Coax doesn't have a 'rho' - unless it's broken or damaged coax.

The impedance at '+' is 50 ohms.

By virtue of reflection from the 50 ohm load.

rho = (50-50)/(50+50) = sqrt(0/Pfwd) = 0
at point '+'.

The same is true at points to the left of point '+' as well. So what?

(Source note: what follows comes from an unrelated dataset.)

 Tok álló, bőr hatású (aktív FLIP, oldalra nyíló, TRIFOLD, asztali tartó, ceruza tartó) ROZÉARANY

And that 50 ohms is a V/I ratio which, I assume, you would
agree cannot cause a voltage.

As far as I know, V/I ratios don't "cause" anything.

73, Jim AC6XG

Cecil Moore wrote:

Jim Kelley wrote:
The nature of things a point '+' are undefined,

Nope, they are not.

There can exist no real point where the characteristic line impedance is
both 50 ohms and 150 ohms.

There are no reflections on the 50 ohm feedline because it "sees" 50
ohms at point '+'.

Oh my gawd, somebody has brainwashed our Cecil! Maybe the pod people
have invaded Texas! :-)

What about cancelled reflected waves, destructive interference and all
that?

73, Jim AC6XG

Jim, AC6XG wrote:
"As far as I know, V/I ratios don`t cause anything."

As symbols for load impedance, V/I ratios cause reflections when they
differ from the r-f transmission line surge impedance which feeds them.

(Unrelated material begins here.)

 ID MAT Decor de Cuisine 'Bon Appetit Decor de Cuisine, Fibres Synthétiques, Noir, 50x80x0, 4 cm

Best rergards, Richard Harrison, KB5WZI

Richard Harrison wrote:

Jim, AC6XG wrote:
"As far as I know, V/I ratios don`t cause anything."

As symbols for load impedance, V/I ratios cause reflections when they
differ from the r-f transmission line surge impedance which feeds them.

Best rergards, Richard Harrison, KB5WZI

Hi Richard,

Would it be fair to say then that you don't agree that only physical
boundaries cause reflections?

73, Jim AC6XG

Jim Kelley wrote:
As far as I know, V/I ratios don't "cause" anything.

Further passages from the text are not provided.